How soon after buying a home can I sell it?


 
You can sell your home right away. It can be as early as the day after you have closed the property and received the keys. That said, just because you can, does not necessarily mean you should.

If you are thinking about this, I encourage you to consider a few things before making your decision.

Review your current mortgage contract and check for any specific restrictions. If you sell the property shortly after purchasing it and have a closed mortgage, you will have to pay a fee, known as a prepayment penalty, to break the agreement. Many mortgages have limitations on how and when you can make additional payments. The exact amount will depend on the details of your specific mortgage contract; however, it can be substantial and generally ranges between two and five per cent of your loan balance. Besides this, you may also have to make other payments. These may include things like administration fees, appraisal fees, and returning any cash back you may have received from your mortgage lender.
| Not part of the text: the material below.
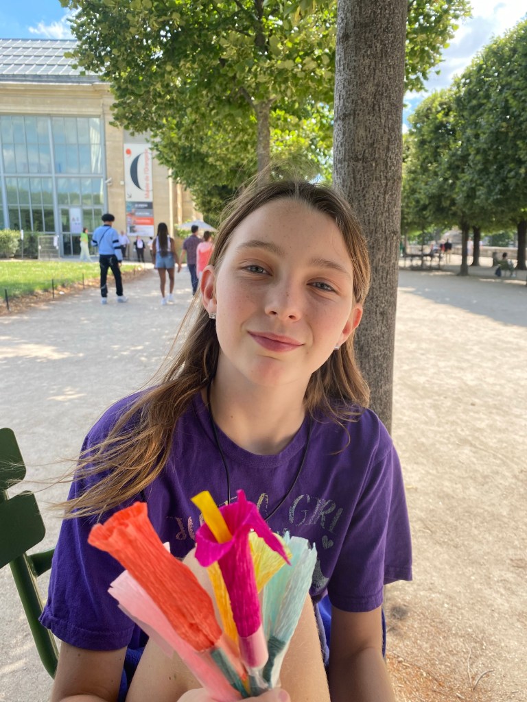 Outside, the kids worked with crepe paper to generate flowers like they had seen the Impressionists create on canvas.

Significant market fluctuations are not common. Sometimes the real estate market shifts (up or down), but it is very difficult to rely on sudden increases. Generally, the chances of you being able to sell the home at a significantly increased price are low. The only exceptions to this may be if you have done substantial renovations, or maybe you bought a new build a few years ago and the current value is markedly higher. This happened when I bought my first home.

It may be wise for most people to assess numbers once a mortgage term of five years is complete. Though most often this question is around trying to sell for a profit, it can also be that the seller is trying to cut their losses because of a cooling market. This is a personal decision that should be discussed with a real estate agent and financial advisor.

Similar to buying a home, there are costs to consider when selling. Besides paying the fee to break your mortgage contract, you will also need to review the cost of hiring an agent, seeking counsel from a lawyer who is insured to practice real estate law, and any costs associated with staging the property to prepare it for sale. This can all feel very daunting, especially if you recently paid a substantial amount of money to close the home and haven’t built much equity yet.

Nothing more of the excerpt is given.